Hey all, I’m having an issue with Istio Ingress Gateway pods crashing with a segfault when load increases. I would see error messages in the logs like this.
Epoch 0 exited with error: signal: segmentation fault (core dumped)
About 50 users are browsing through the gateway generating moderate activity. At first, I had 20 ingress gateway pods with 1GB / 500m CPU pod requests, and 8GB / 4CPU limits. So there should be plenty of resources available for 50 users.

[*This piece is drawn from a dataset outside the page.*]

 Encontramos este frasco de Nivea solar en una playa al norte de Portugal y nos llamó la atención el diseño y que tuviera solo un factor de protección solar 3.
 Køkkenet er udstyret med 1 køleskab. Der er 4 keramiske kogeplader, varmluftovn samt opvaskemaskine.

When activity picks up, big groups of Ingress Gateway pods at a time would occasionally change to “Completed” and then “CrashLoopBackoff”. It was surprising to see these pods to crash often times groups, but they’d also crash individually sometimes. Sometimes, all pods would be in CrashLoopBackoff state, breaking ingress completely. Scaling up to 40 pods causes the crash loop backoff to happen less frequently, but it would still happen. The nodes that these pods reside on each have 90% memory available, and the Ingress Gateway pods seem to be using only 200MB to 900MB each, according to p8s. So unless the memory suddenly spikes, there seems to be plenty of memory available.
I was able to get the full stracktrace here. My ingress gateway has a bunch of different Lua filters used for auth on different parts of the site. I suspect the Lua filters might be a problem, but don’t know how to confirm and debug.

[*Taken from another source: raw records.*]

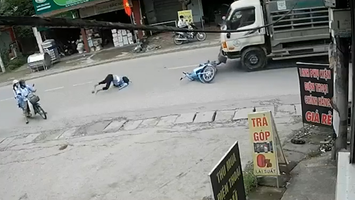 Sang đường thiếu quan sát, nữ sinh đi xe đạp điện bị ô tô tải tông mạnh, văng xuống đường tại một ngã ở Phú Bình, Thái Nguyên.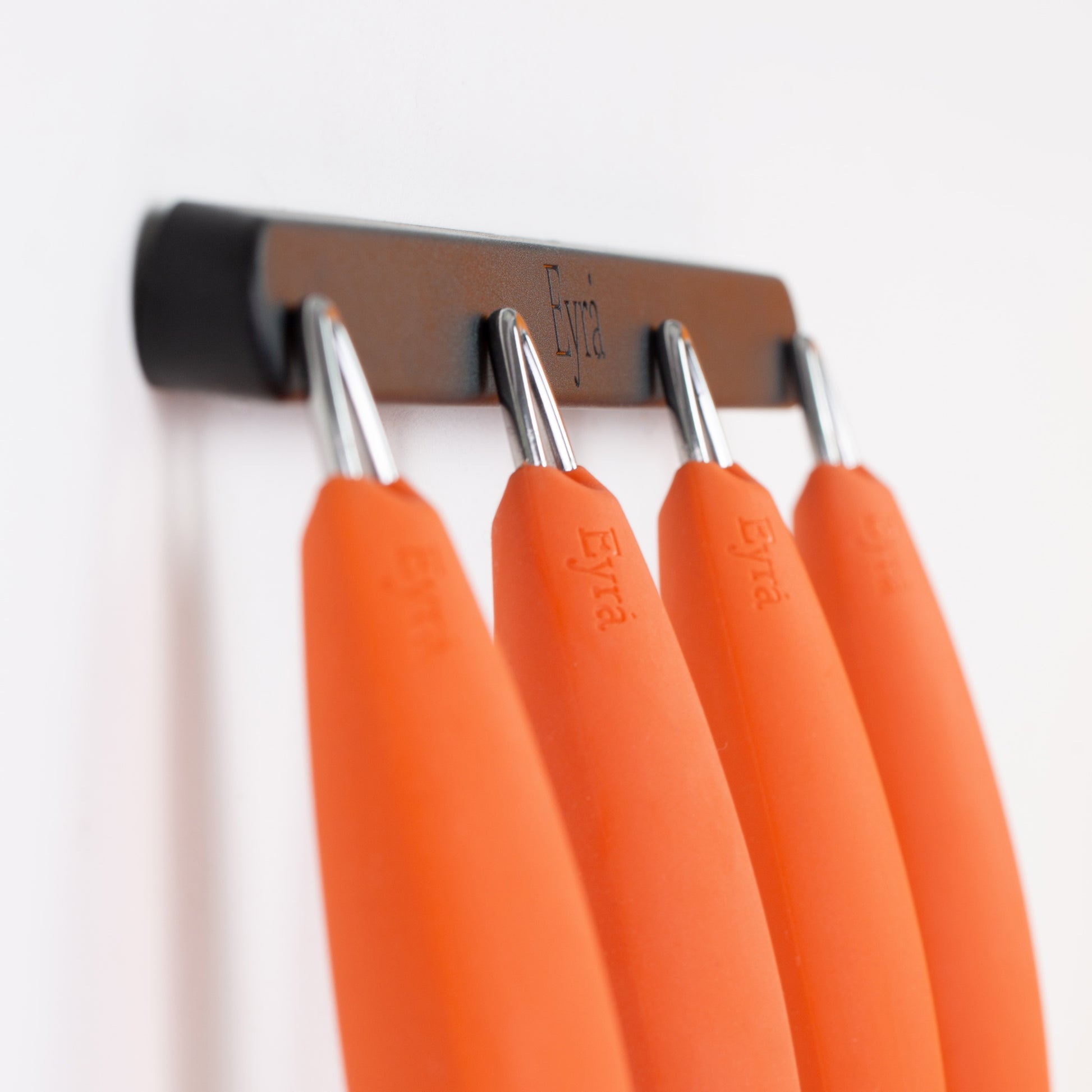 The material on the handle is over-moulded with a soft thermoplastic elastomer (TPE) so that, even when wet, they are secure in the hand with minimal grip. The tools can be attached to hooks via the loop at the end or affixed magnetically to the accompanying rack for easier, less fiddly storage.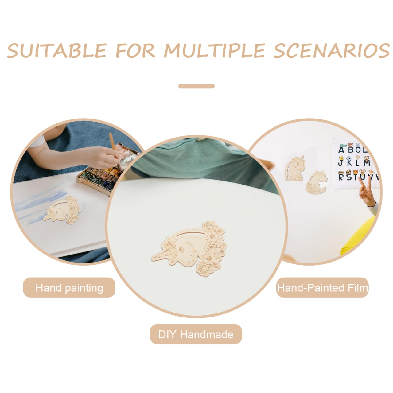 - Wood Unicorn to Paint, Mini Unicorn Head Unfinished Wood Slice Unicorn Cutouts With Hole Diy Wood Animal Crafts Wooden Blank Kids Painting Toy For Keychain. The unique and adorable unicorn shaped designs of these wooden cutouts allow for creative freedom and expression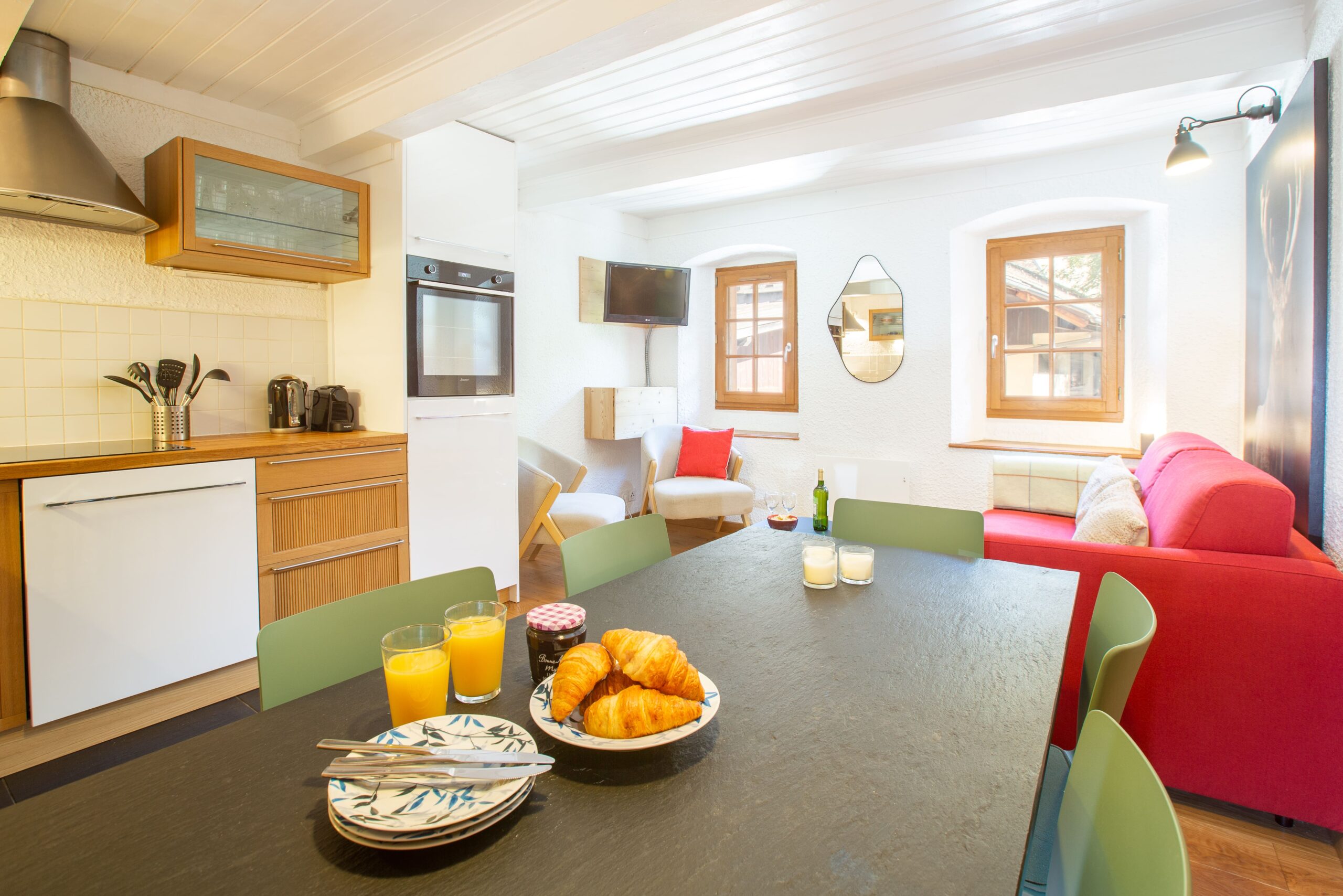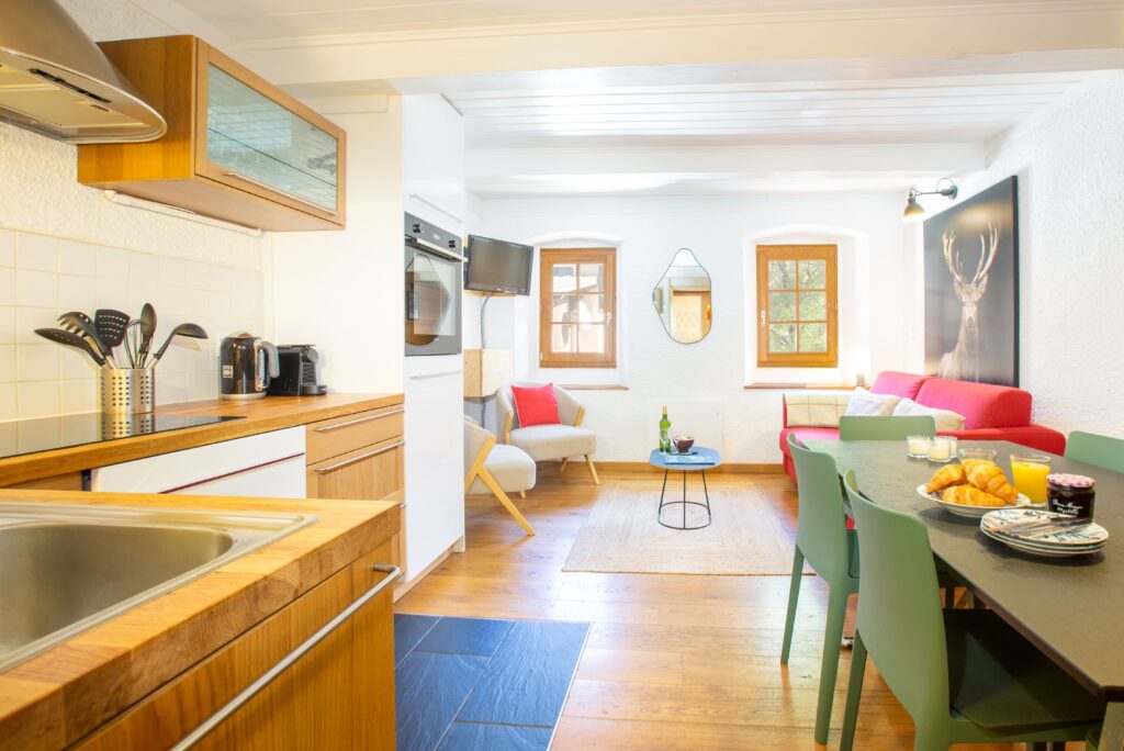 Inside, the apartment offers a warm and practical layout. The lounge features a smart TV, sofa, and two armchairs, providing a comfortable space to relax after a day outdoors. The oak kitchen is fully equipped with a dishwasher, oven, hob, fridge, and coffee machine, while the dining table seats up to six, perfect for shared meals and planning the next day’s adventures.

What can I try to debug this issue? Is this a familiar issue?
"[Envoy (Epoch 0)] [2020-12-14 18:20:07.323][56][critical][backtrace] [bazel-out/k8-opt/bin/external/envoy/source/server/_virtual_includes/backtrace_lib/server/backtrace.h:83] Caught Segmentation fault, suspect faulting address 0x8
"[Envoy (Epoch 0)] [2020-12-14 18:20:07.323][56][critical][backtrace] [bazel-out/k8-opt/bin/external/envoy/source/server/_virtual_includes/backtrace_lib/server/backtrace.h:70] Backtrace (use tools/stack_decode.py to get line numbers):
"[Envoy (Epoch 0)] [2020-12-14 18:20:07.323][56][critical][backtrace] [bazel-out/k8-opt/bin/external/envoy/source/server/_virtual_includes/backtrace_lib/server/backtrace.h:71] Envoy version: 5a93703db9baee125294bb50c9541a1a11d526b4/1.13.4/Clean/RELEASE/BoringSSL
"[Envoy (Epoch 0)] [2020-12-14 18:20:07.325][56][critical][backtrace] [bazel-out/k8-opt/bin/external/envoy/source/server/_virtual_includes/backtrace_lib/server/backtrace.h:75] #0: __restore_rt [0x7f0948f3a8a0]

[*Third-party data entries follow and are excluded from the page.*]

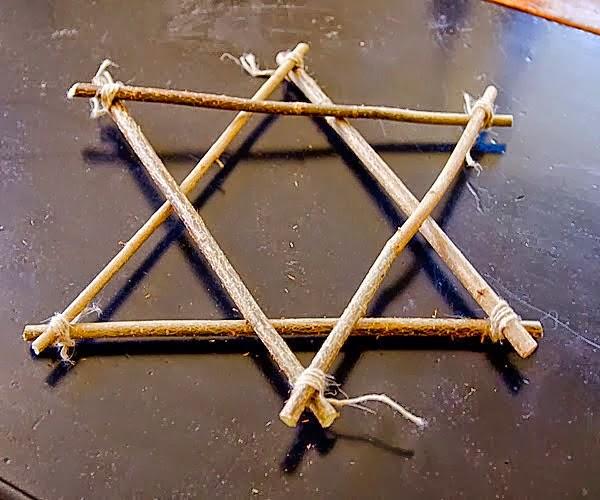 Hacerla es tan sencilla como coger unas ramas naturales y atarle cuerdas formando 2 triángulos, después solo hay que unir ambos triángulos para formar la forma final y volver a atarlos entre sí, también podéis usar una pistola de silicona para unir las partes y el resultado será el mismo, incluso más ligero a la vista.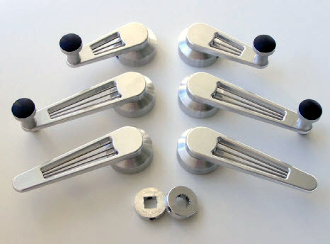 These BANJOLUXE cranks and handles are NEW from Big Als Carponents. Machined from billet aluminum, these are a new design that features a cut out design with stainless steel rods and black hard plastic inlay on the knob. These will fit early or late cars and trucks that operate with a shaft. When purchasing, please indicate the year and model of vehicle these are to be installed upon.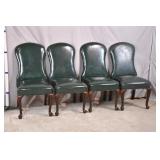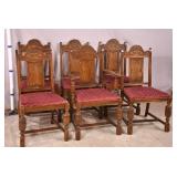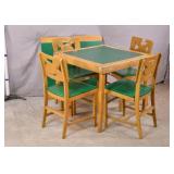 Norquist "Coronet" 5 piece folding card table set; 14-lot - folding table with 2 leaves 32x32x29; 16" leaves - 4 chairs with flower carving in back 16.5x18.5x32.5 - (finish as-is)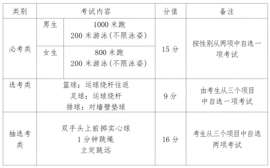 近日 漳州、寧德、泉州 確定2026年體育中考項目 具體內容一起來看 ↓↓↓ 漳州市 11月4日,2026年漳州市初中畢業升學體育考試,抽選考類測試項目抽簽結果公布: 抽選考類六選三是:50米跑、1分鐘跳繩、1分鐘仰臥起坐。考生可從三個項目中自選2項考試。 現行的籃球、足球、排球“三大球”抽考項目改為選考,考生可從三個項目中自選1項考試。 在考試內容方面,體育與健康基本知識考試將調整為日常檢測,原中考分值調整至運動技能測試。 中考體育分值結構上,保持總分值40分不變,具體分配為:必考類15分(1000米/800米跑、200米游泳)、選考類9分(“三大球”)、抽選考類16分(50米跑、立定跳遠、1分鐘跳繩、引體向上/斜身引體、雙手頭上前擲實心球、1分鐘仰臥起坐)。 寧德市 11月4日,寧德市教育局組織開展了2026年體育中考身體素質與運動能力測試抽選考項目現場抽選活動,并發布《關于寧德市2026年體育中考抽選考項目抽選結果的通知》,確定2026年寧德市體育中考抽選考項目。 此次抽選考類從六項:50米跑、立定跳遠、1分鐘跳繩、引體向上(男)/斜身引體(女)、雙手頭上前擲實心球、1分鐘仰臥起坐中隨機抽選三項。 經現場公開隨機抽選,最終確定: 抽選考項目為:50米跑、1分鐘跳繩、1分鐘仰臥起坐。(考生從這三個項目中自選兩項進行考試) 必考類項目為:1000米(男)/800米(女),200米游泳(不限泳姿),考生根據性別自行選擇一項考試。 選考類項目為:籃球:運球繞桿往返、足球:運球繞桿、排球:對墻壁墊球,由考生從三個項目中自選一項考試。 考試分值

"[Envoy (Epoch 0)] [2020-12-14 18:20:07.334][56][critical][backtrace] [bazel-out/k8-opt/bin/external/envoy/source/server/_virtual_includes/backtrace_lib/server/backtrace.h:75] #1: luaL_openlibs [0x55e8d1f207b7]
"[Envoy (Epoch 0)] [2020-12-14 18:20:07.342][56][critical][backtrace] [bazel-out/k8-opt/bin/external/envoy/source/server/_virtual_includes/backtrace_lib/server/backtrace.h:75] #2: Envoy::Extensions::Filters::Common::Lua::ThreadLocalState::LuaThreadLocal::LuaThreadLocal() [0x55e8d1eb6ec7]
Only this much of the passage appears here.